(COLLECTED MATERIAL begins)
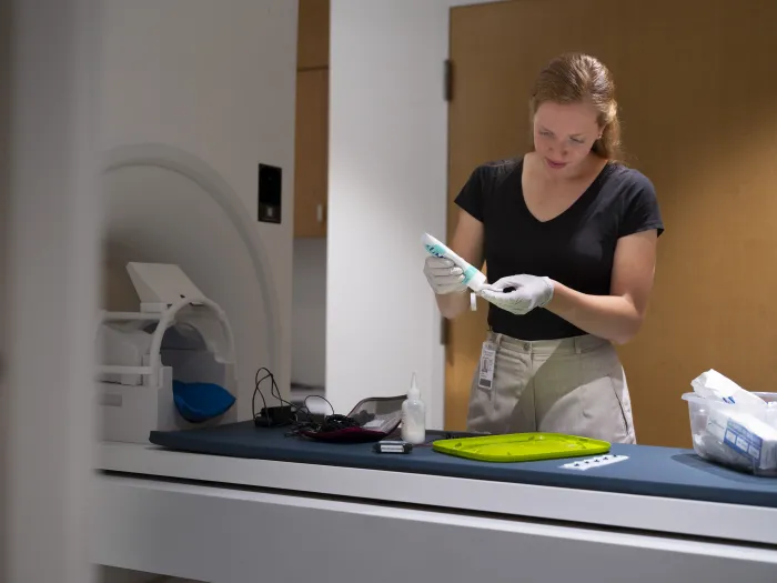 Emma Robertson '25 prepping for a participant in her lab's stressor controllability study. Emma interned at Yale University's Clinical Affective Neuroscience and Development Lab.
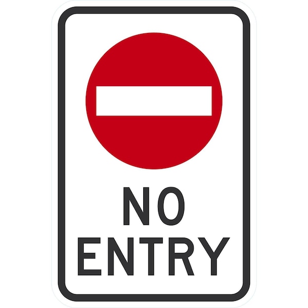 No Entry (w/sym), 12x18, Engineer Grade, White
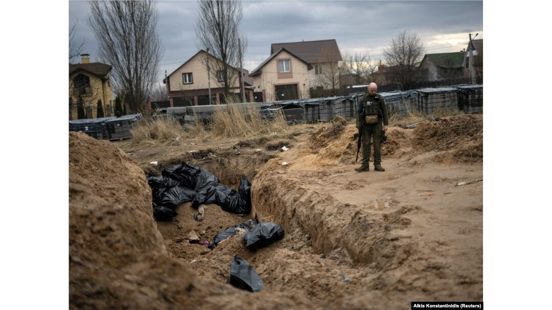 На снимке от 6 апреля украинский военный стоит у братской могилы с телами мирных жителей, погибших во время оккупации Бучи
(COLLECTED MATERIAL ends)
* EXERCISE AIM: Copy the data above word for word. Pictures stay out.

* ANSWER BOX:
 Emma Robertson '25 prepping for a participant in her lab's stressor controllability study. Emma interned at Yale University's Clinical Affective Neuroscience and Development Lab.
 No Entry (w/sym), 12x18, Engineer Grade, White
 На снимке от 6 апреля украинский военный стоит у братской могилы с телами мирных жителей, погибших во время оккупации Бучи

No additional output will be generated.